We segment a QuickBird image covering a beech forest in an initial stage of old-growthness – showing, accordingly, a good degree of structural complexity – into three segmentation levels. We apply field-based diversity indices of tree size, spacing, species assemblage to quantify structural heterogeneity amongst forest regions delineated by segmentation. The aim of the study is to evaluate, on a statistical basis, the relationships between spectrally delineated image segments and observed spatial heterogeneity in forest structure, including gaps in the outer canopy.
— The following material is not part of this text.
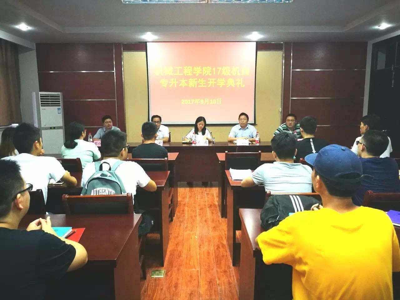 9月10日晚,我院在四号实验楼三楼会议室举行了2017级专升本新生开学典礼。院党总支书记毛薇,副院长肖俊建、副院长黄云峰、副书记马坚及系主任邓小雷一同出席开学典礼。典礼由马坚老师主持。
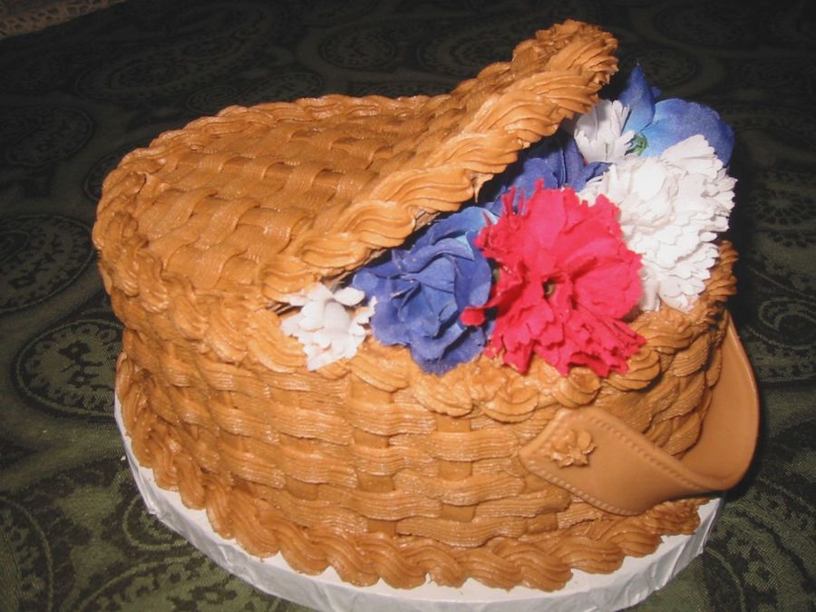 We had a church function this September with the theme of "Faith, Freedom, and Liberty. I just had to try one of these basket cakes ... FUN!!! I practically threw this together (cheated and used silk flowers) but even with the limited timing, I was very happy with the results. The best part was when one of the little girls kept telling this lady, "Look at her cake!!" and the lady got real frustrated ... "THERE IS NO CAKE!" (Priceless!!) Fondant handles.

Results show that: some 45% of the segments generated at the coarser segmentation scale (level 1) are surrounded by structurally different neighbours; level 2 segments distinguish spatial heterogeneity in forest structure in about 63% of level 1 segments; level 3 image segments detect better canopy gaps, rather than differences in the spatial pattern of the investigated structural indices.
Results support also the idea of a mixture of macro and micro structural heterogeneity within the beech forest: large size populations of trees homogeneous for the examined structural indices at the coarser segmentation level, when analysed at a finer scale, are internally heterogeneous; and vice versa.
Findings from this study demonstrate that multiresolution segmentation is able to delineate scale-dependent patterns of forest structural heterogeneity, even in an initial stage of old-growth structural differentiation. This tool has therefore a potential to improve the sampling design of field surveys aimed at characterizing forest structural complexity across multiple spatio-temporal scales.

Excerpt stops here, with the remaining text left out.